Ähnlich der WESER-KURIER aus Bremen:

"Was aber, wenn Bush den Sicherheitsrat vor die gleiche Alternative stellt wie die UN-Vollversammlung im vergangenen September: mit den USA oder Abstieg in die Einflusslosigkeit? Die Europäer könnten wieder einmal Opfer ihres eigenen Wunschdenkens werden, weil sie standhaft ignorieren, dass Bush die Koordinaten US-Außenpolitik längst verschoben hat. In der neuen Nationalen Sicherheitsstrategie wird eindeutig dargelegt, dass die Vereinten Nationen für die US-Regierung nur noch eine untergeordnete Rolle spielen."

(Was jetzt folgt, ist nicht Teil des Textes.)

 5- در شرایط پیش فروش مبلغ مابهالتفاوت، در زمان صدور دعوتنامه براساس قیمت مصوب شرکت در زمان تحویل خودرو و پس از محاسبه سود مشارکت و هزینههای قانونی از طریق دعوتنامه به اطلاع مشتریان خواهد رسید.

Die FRANKFURTER RUNDSCHAU blickt auf die deutsche Position:

"In Frankreich wächst der Widerstand und selbst beim engsten Alliierten der USA, bei den Briten, mehren sich die kritischen Töne. Eine zweite Resolution vor einem eventuellen Militärschlag halten praktisch alle großen UN-Staaten für zwingend geboten. Und plötzlich scheint vorstellbar, dass sich, vielleicht nur für einen Moment, ein historisches Fenster öffnen und ein Krieg doch noch vermieden werden könnte. Nicht außenpolitisch isoliert stünde somit das rot-grün regierte Deutschland da, sondern in exakt jener europäischen Phalanx, die unabdingbar ist, um die USA von ihren Kriegsplänen abzuhalten."


Im Kampf um die Todesstrafe hat der scheidende Gouverneur des US-Staates Illinois klar Position bezogen. Dazu meint die Berliner Zeitung DIE WELT:

"Die Todesstrafe ist unamerikanisch, weil sie die Unfehlbarkeit einer staatlichen Institution postuliert. Sie ist unamerikanisch, weil sie in der Praxis entgegen der Verfassung Schwarze, Latinos und Arme aller Rassen diskriminiert. Amerikas Demokratie basiert auf dem Misstrauen gegenüber dem Staat, auf der Revidierbarkeit aller Entscheidungen... Es ist zu hoffen, dass der Stolz und der Gerechtigkeitssinn der US-Bürger das bewirken, was das Mitleid nicht vermag: die Ächtung der Todesstrafe."

Die FRANKFURTER ALLGEMEINE ZEITUNG schreibt:

"Neben den primitiven Gründen(...) wird immer behauptet, die Aussicht auf die Todesstrafe wirke abschreckend auf potenzielle Täter... Mit solchen Thesen und Gegenthesen hat sich Gouverneur Ryan in Illinois vernünftigerweise nicht aufgehalten. Vielmehr begründete er seine Entscheidung mit dem überzeugendsten Sachargument gegen die Todesstrafe: Menschen sind fehlbar. Und deshalb ist auch das ordentlichste Gerichtsverfahren nicht vor Irrtümern gefeit. "


Mit der möglichen Auslieferung der beiden in Frankfurt am Main verhafteten mutmaßlichen El Kaida Mitglieder befasst sich die in Düsseldorf erscheinende WESTDEUTSCHE ZEITUNG:

"Die USA werden Gründe haben, sich dieser Männer zu bemächtigen, gewiss. Aber halten die einer Prüfung stand, die rechtsstaatliche Standards ernst nimmt? Nähmen wir unsere eigenen Maßstäbe ernst, verböte sich wohl eine Auslieferung. Terrorverdächtigen wird in den USA kein rechtsstaatliches Verfahren garantiert, schlimmstenfalls verschwinden sie für Jahre rechtlos auf Guantanamo. Die Bundesregierung wird sich gleichwohl dem US-Auslieferungsbegehren kaum widersetzen können... Der Rechtsstaat - so hören wir immer wieder - werde im 'Krieg gegen den Terror' verteidigt. Manchmal allerdings drängt sich der Eindruck auf, er war schon sein erstes Opfer."